## About this task
Nothing in the records may be altered, and no picture may be included. Restate them in full.

## Data provided
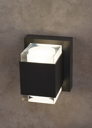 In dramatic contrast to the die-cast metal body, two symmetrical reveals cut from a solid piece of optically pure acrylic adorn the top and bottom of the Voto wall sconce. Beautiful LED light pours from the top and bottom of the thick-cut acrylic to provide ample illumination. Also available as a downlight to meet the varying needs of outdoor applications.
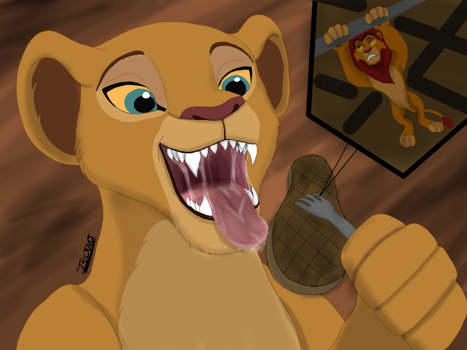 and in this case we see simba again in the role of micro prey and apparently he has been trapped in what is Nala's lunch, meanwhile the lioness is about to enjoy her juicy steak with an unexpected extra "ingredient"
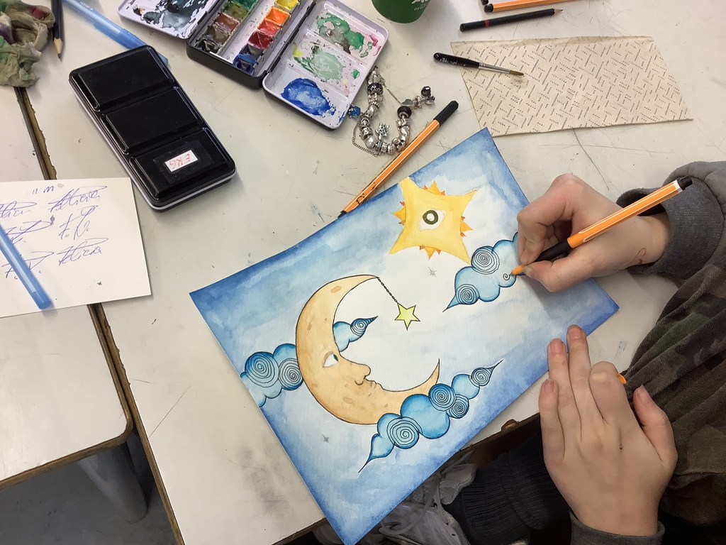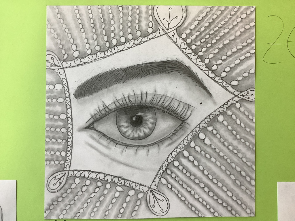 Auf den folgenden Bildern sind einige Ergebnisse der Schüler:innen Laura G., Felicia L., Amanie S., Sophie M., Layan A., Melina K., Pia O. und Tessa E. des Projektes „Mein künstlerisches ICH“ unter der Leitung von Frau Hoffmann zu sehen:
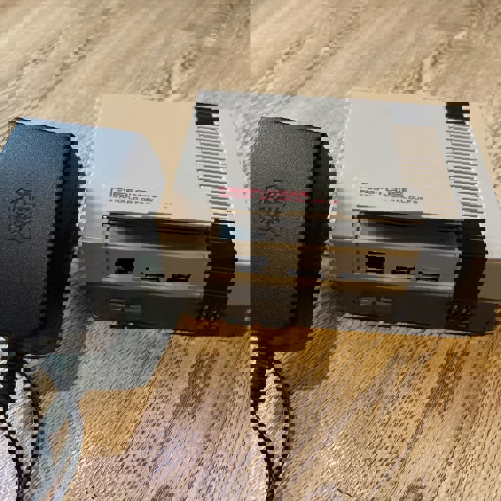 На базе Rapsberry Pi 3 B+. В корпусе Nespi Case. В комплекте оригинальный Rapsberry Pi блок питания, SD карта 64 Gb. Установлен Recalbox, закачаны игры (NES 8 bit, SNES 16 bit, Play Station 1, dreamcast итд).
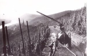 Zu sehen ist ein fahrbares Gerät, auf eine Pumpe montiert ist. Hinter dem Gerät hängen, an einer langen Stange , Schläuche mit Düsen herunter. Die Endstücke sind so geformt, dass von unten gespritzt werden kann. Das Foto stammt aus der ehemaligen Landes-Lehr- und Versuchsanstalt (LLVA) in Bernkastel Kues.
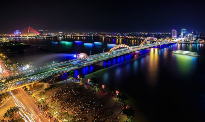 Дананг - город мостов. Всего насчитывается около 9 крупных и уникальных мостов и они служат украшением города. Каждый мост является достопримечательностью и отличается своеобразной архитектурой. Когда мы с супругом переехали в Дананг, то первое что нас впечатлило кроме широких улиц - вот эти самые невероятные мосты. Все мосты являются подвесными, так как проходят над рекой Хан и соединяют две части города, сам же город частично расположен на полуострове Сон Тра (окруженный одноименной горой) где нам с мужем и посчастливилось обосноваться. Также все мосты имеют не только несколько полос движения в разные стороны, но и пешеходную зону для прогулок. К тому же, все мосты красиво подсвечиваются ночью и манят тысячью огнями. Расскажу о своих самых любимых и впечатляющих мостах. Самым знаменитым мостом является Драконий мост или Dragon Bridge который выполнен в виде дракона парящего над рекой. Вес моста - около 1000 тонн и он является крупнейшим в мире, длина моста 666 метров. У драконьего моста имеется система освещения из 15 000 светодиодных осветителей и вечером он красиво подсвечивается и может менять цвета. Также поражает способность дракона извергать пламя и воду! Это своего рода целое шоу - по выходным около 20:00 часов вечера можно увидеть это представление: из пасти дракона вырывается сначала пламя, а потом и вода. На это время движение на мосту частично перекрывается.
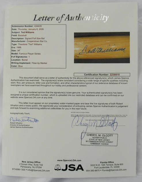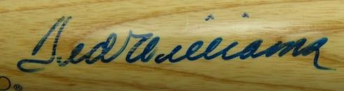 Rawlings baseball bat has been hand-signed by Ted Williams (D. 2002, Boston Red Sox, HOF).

## Answer to this exercise
 In dramatic contrast to the die-cast metal body, two symmetrical reveals cut from a solid piece of optically pure acrylic adorn the top and bottom of the Voto wall sconce. Beautiful LED light pours from the top and bottom of the thick-cut acrylic to provide ample illumination. Also available as a downlight to meet the varying needs of outdoor applications.
 and in this case we see simba again in the role of micro prey and apparently he has been trapped in what is Nala's lunch, meanwhile the lioness is about to enjoy her juicy steak with an unexpected extra "ingredient"
 Auf den folgenden Bildern sind einige Ergebnisse der Schüler:innen Laura G., Felicia L., Amanie S., Sophie M., Layan A., Melina K., Pia O. und Tessa E. des Projektes „Mein künstlerisches ICH“ unter der Leitung von Frau Hoffmann zu sehen:
 На базе Rapsberry Pi 3 B+. В корпусе Nespi Case. В комплекте оригинальный Rapsberry Pi блок питания, SD карта 64 Gb. Установлен Recalbox, закачаны игры (NES 8 bit, SNES 16 bit, Play Station 1, dreamcast итд).
 Zu sehen ist ein fahrbares Gerät, auf eine Pumpe montiert ist. Hinter dem Gerät hängen, an einer langen Stange , Schläuche mit Düsen herunter. Die Endstücke sind so geformt, dass von unten gespritzt werden kann. Das Foto stammt aus der ehemaligen Landes-Lehr- und Versuchsanstalt (LLVA) in Bernkastel Kues.
 Дананг - город мостов. Всего насчитывается около 9 крупных и уникальных мостов и они служат украшением города. Каждый мост является достопримечательностью и отличается своеобразной архитектурой. Когда мы с супругом переехали в Дананг, то первое что нас впечатлило кроме широких улиц - вот эти самые невероятные мосты. Все мосты являются подвесными, так как проходят над рекой Хан и соединяют две части города, сам же город частично расположен на полуострове Сон Тра (окруженный одноименной горой) где нам с мужем и посчастливилось обосноваться. Также все мосты имеют не только несколько полос движения в разные стороны, но и пешеходную зону для прогулок. К тому же, все мосты красиво подсвечиваются ночью и манят тысячью огнями. Расскажу о своих самых любимых и впечатляющих мостах. Самым знаменитым мостом является Драконий мост или Dragon Bridge который выполнен в виде дракона парящего над рекой. Вес моста - около 1000 тонн и он является крупнейшим в мире, длина моста 666 метров. У драконьего моста имеется система освещения из 15 000 светодиодных осветителей и вечером он красиво подсвечивается и может менять цвета. Также поражает способность дракона извергать пламя и воду! Это своего рода целое шоу - по выходным около 20:00 часов вечера можно увидеть это представление: из пасти дракона вырывается сначала пламя, а потом и вода. На это время движение на мосту частично перекрывается.
 Rawlings baseball bat has been hand-signed by Ted Williams (D. 2002, Boston Red Sox, HOF).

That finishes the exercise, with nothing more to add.